Poor Data – Don’t Just Treat Symptoms, Treat The Cause.
July 2, 2011 1 Comment
The Data Warehousing Institute estimates that data quality problems currently cost U.S. businesses over $600 billion annually. Even with these figures to guide us, it is still very difficult to use metrics to determine the cost of poor data quality and its effects on your organization. This is because making the mistake may be too distant from recognizing the mistake. Errors are very hard to repair, especially when systems extend far across the enterprise, and the final impact is very unpredictable.
Have you ever considered how much time and resources your organization spends on correcting, fixing and analyzing corrupted or erroneous data? What about the cost of delayed information exchange or lost revenue due to misplaced data or incorrect input? Evaluating data and determining errors is a time consuming process, not to mention the time needed to correct them. In a time of decreased budgets, some organizations may not have the resources for such projects and may not even be aware of the problem. Others may be spending all their time fixing problems leaving no time to work on preventing them.
According to several leading data quality managers, the cost of poor data quality may be expressed as simple formula that equates into:
Cost of Poor Data Quality = Lost Business Value + Cost to Prevent Errors + Cost to Correct Errors + Cost of Validation
Loss of Business Value can be HUGE and can lead to business interruptions as well. Let’s use an example to illustrate the cost of fixing an element of poor data.
- A staff person spends about 40% of their time each day on this task
- There are five people performing this operation (5 x 3.2 hours = 16 staff hours per day.)
- Accounting tells you that these people earn $45 per hour (payroll + benefits.)
- Total annual hours of cleanup is 4000 hours annually (16 staff hours x 250 annual working days.)This means the annualized cost to fix the known poor data is $180,000.
This cost of the poor data quality extends far beyond the cost to fix it. It spreads through and across the business enterprise like a virus affecting systems from shipping and receiving to accounting and customer service. Eventually, your customers may lose patience with you, and you may lose their business.
Let’s look at traditional approach to cleanse the data when ever data quality issue is recognized in a business. The traditional approach to correct bad data fixes the bad data that’s already been created with data quality or ETL tools. This generally happens whenever there is an urgent need to fix the bad data either because of needs arisen from a data migration effort or a business problem.
This approach suffers from three problems:
First, data cleansing and repository building are almost always carried out on a project by project basis. Even if the project is successful, and bad data is transformed to good data, the repository starts to degrade in absence of any ongoing data quality sustenance measures. More and more newly created bad data will creep into the system. And the data already cleansed start getting stale. Data has a shelf-life and needs constant care and feeding. Without addressing how bad data is created, these solutions are costly and unsustainable.
Second, it’s difficult to get the business side fully committed to and involved in these projects. Without a change of mindset, data continues to be seen as IT’s responsibility. And to exacerbate the problem, the software tools used were meant for an IT user base, which leaves the business without a way to directly participate in the process. Without full and sustained business engagement, these projects often do not yield anticipated benefits.
Third, it is very, very hard to fix bad data using technical tools alone. A computer algorithm for data cleansing, no matter how cleverly constructed, can only address a very small subset of data problems. A data cleansing package would not even be able to detect that there is a problem, let alone fix it.

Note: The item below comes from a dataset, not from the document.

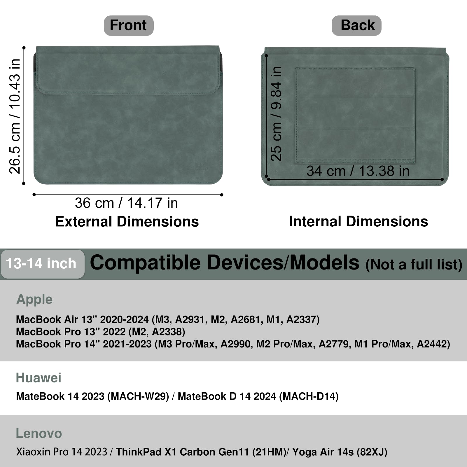 Dimension: External dimensions: 14.17 x 10.43 inches. Internal dimensions: 13.38 x 9.84 inches. Compatible Models: MacBook Pro 14" 2021-2024 (M1 M2 M3 M4 Pro/Max A2442, A2779, M3 A2918, A2992, M4 A3112, A3401, M4 Max A3185)/MacBook Air 13" 2010-2017 (A1466 A1369)/MacBook Pro 13" 2010-2015 (A1502 A1425 A1278). Also compatible with other brands of laptops

However, by and large these efforts treat the symptoms of disease that surfaced, rather than addressing the root cause. Strictly speaking, these projects represent a cost of bad data in addition to degradation of business performance. Organization can take it as an opportunity to find root cause of bad data and identify people, process or technology related issues. Once the root causes are identified, there MUST be a data governance strategy sponsored, implemented and owned by business.
The bottom line is data ownership and data contents shouldn’t be IT’s responsibility. With data volume and complexity exploding, the treadmill is spinning faster than the traditional approach’s ability to keep up.